Suppose we want to find how many factors of $7$ is in $500!$.
We want to find number of factors of $7$ in $N = 500 \cdot 499 \cdot ... \cdot 7 \cdot ... \cdot 2 \cdot 1.$ Of course, we can eliminate all factors which are not dividible by $7$, for example $500, 499, 498$. Knowing property of multiplication we infact must find how many seven's are in the list $\{7 \cdot 1, 7 \cdot 2, ..., 7 \cdot 71\}.$ Obviously $71$ for the first hand. After that, we are finding number of seven's in the $\{7 \cdot 1, ..., 7 \cdot 10\}.$ Obviously there are $10$ seven's in it for the second hand.

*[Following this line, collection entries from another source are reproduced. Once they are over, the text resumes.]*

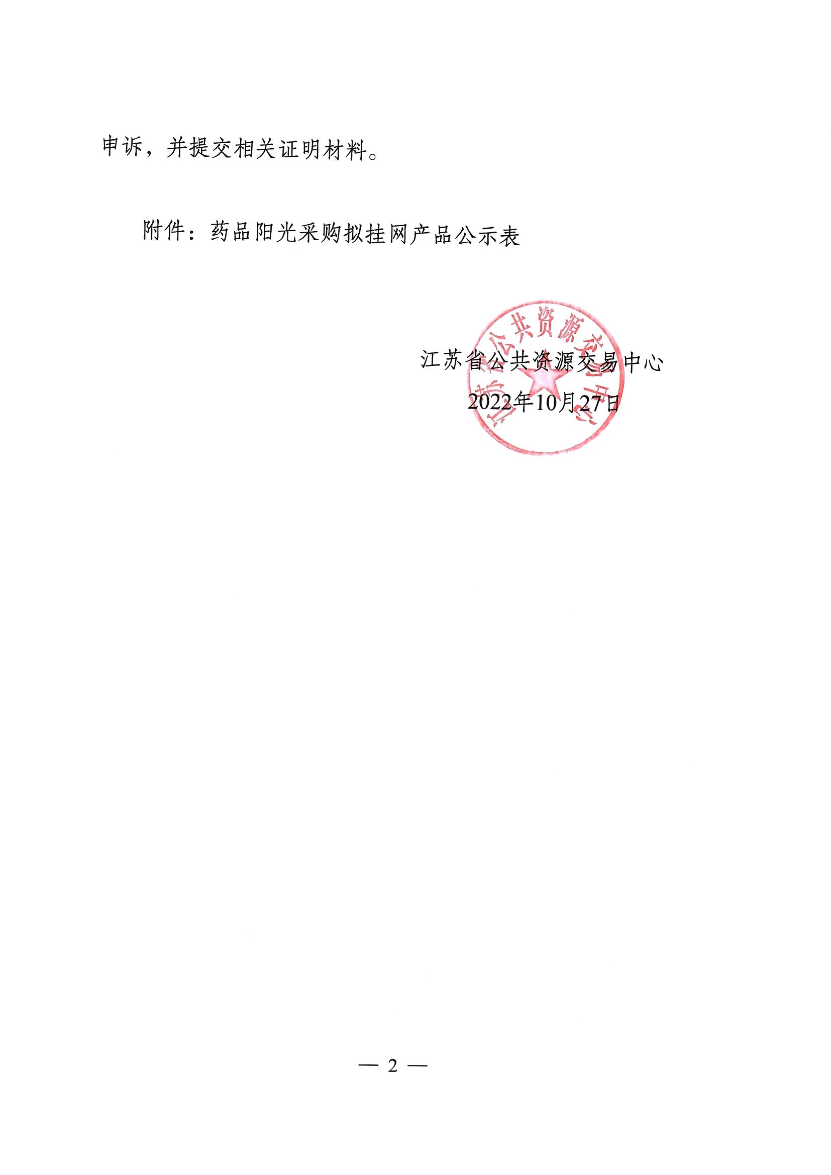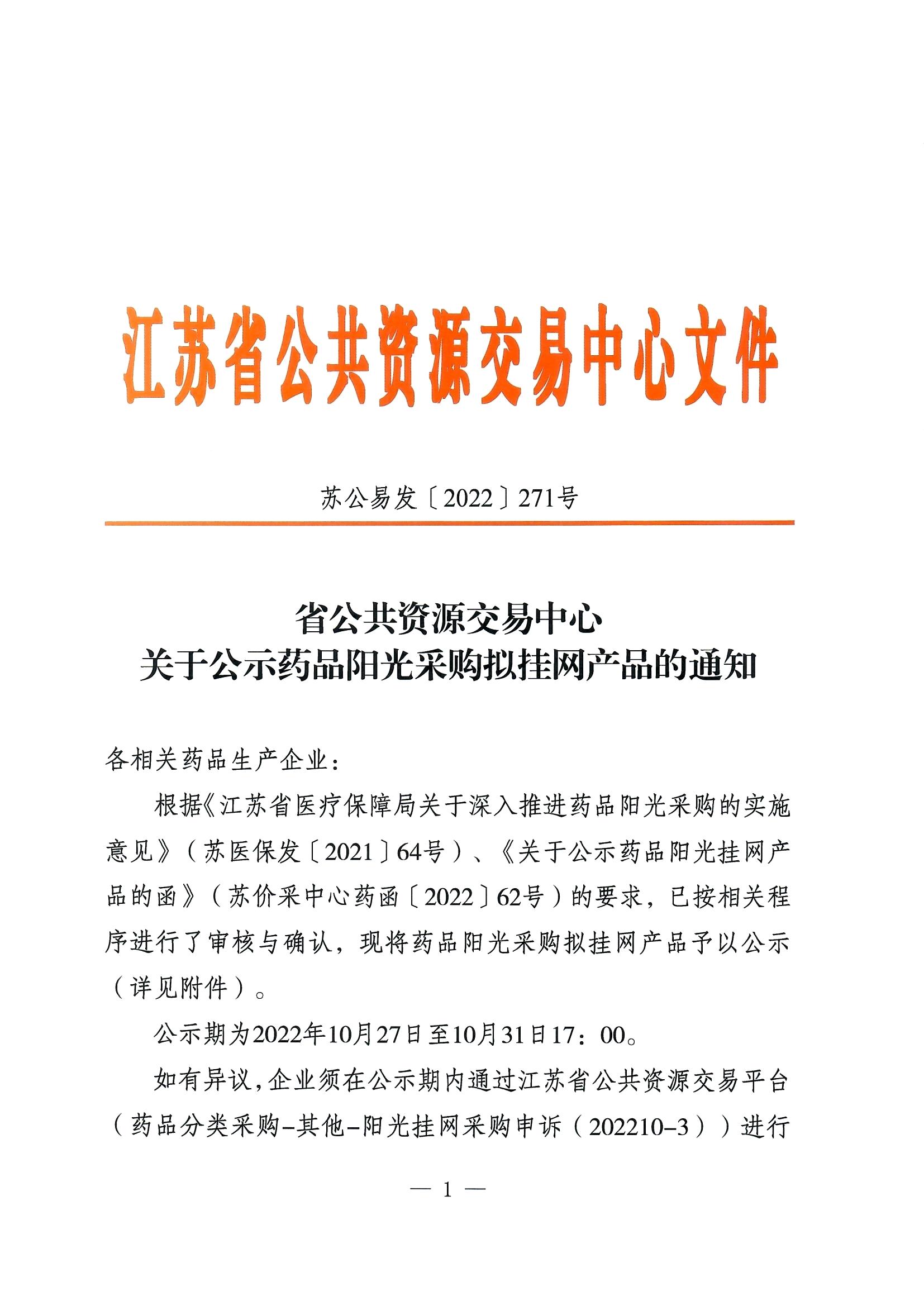 【江苏】江苏省省公共资源交易中心关于公示药品阳光采购拟挂网产品的通知(苏公易发〔2022〕271号)
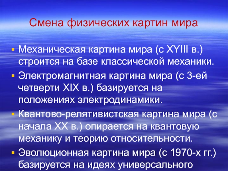 Эволюционная картина мира (с 1970-х гг.) базируется на идеях универсального эволюционизма и синергетики.
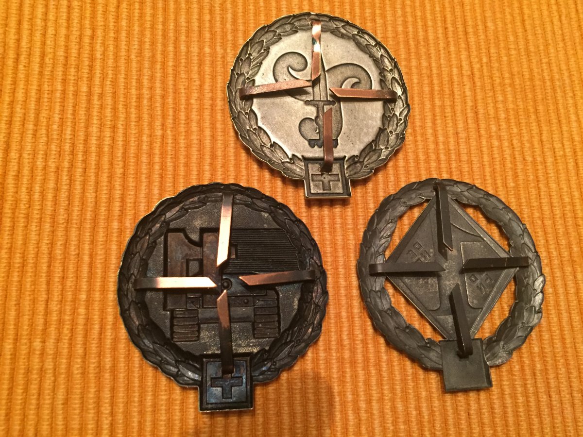 Далі, щодо самої кокарди: переважна більшість швейцарських кокард - легкі, з вигнутого металу, на чотирьох великих, завжди загострених вусиках кріплення, по бокам та зверху-знизу.

Finally we got number of seven's from $1$ to $10$ which is $1$.
The total number is $71 + 10 + 1= 82.$
Therefore, $N = k \cdot 7^{82},$ where $k > 1$ is not divisible by $7.$
More simply, $\lfloor\frac{500}{7}\rfloor + \lfloor\frac{500}{7^2}\rfloor + \lfloor\frac{500}{7^3}\rfloor = 82,$ and simillary for any case.
I don't remember how is this formula called. (I think it's named after some French mathematician.) Please help me with this.